Since my escape from Lebanon on a high speed ferry, toward the end of the civil war, the visits to the country of my birth are rare. After several failed attempts to document these few "returns", I ended up discovering locations of unexplored territories and prohibited traumascapes* of those years lived in Lebanon, extending my travel towards "home". Instead of approaching destination, the journey seemed endless, as if returning was impossible and self-exile had become a state of spirit.
Awaiting oblivion, these findings were morphed into short narrations, visual or written, of elements that were rescued out of the treasure island's box called 'childhood'. Since the beginning of this journey in 2000, I also harbored some objects and items, 'survivors' from other migrations.

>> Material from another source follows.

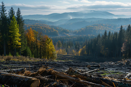 Dramatic panoramic view of a vast deforested area with scattered logs and stumps amid surrounding pine forests and mist-veiled peaks under warm sunset glow, ideal for environmental campaigns, forestry ads, and nature documentaries. Captures raw land transformation for impactful banners, editorial features, and climate awareness visuals.

This series is achieved through a disposition of meanings, a detailed description and a creative comparison of reality. At times, it longs to the obscene and to laceration, and others to the noble and to the sovereign.
*Traumascapes are sites associated with the painful past. Remembering and representing this bitter past plays a crucial role in shaping the future through learning and experiencing.
ASNAM – أصنام is a section of LET US STOP AND WEEP, and one of those hikayat (stories).
ASNAM, in Arabic, is idol statues.
In 2009, I carried out my first photographic documentation and collection of the presence of religious statues in certain Christian Lebanese regions. For the first time in the urban landscape, almost 20 years after I left the country, big statues of Christ, Virgin Mary, saints and angels, started appearing outside the usual religious sanctuaries. I grew up in a village on the mountains of Metn and schooled in a Maronite christian french college. Those statues recalled reproductions or have the postures and expressions appearing on printed small icons, once received as a reward for good behavior, during catechism classes. In my next visit to Lebanon, I found in a drawer this childhood collection of holy icons and decided to continue documenting this phenomenon with subtlety, alienation and humor, with melancholy, but without snickering. Visit after visit, those statues kept on increasing in number. The more this sacred appearance populated the landscape, it became a territorial marker of identity, in a general religious upmanship, but also the sign of a sincere request for divine protection and sanctity.
This newly generated collection of statues, ASNAM, captivate me for its aesthetics and for the fact that it resonate political, social, religious and profane issues in today's Lebanon.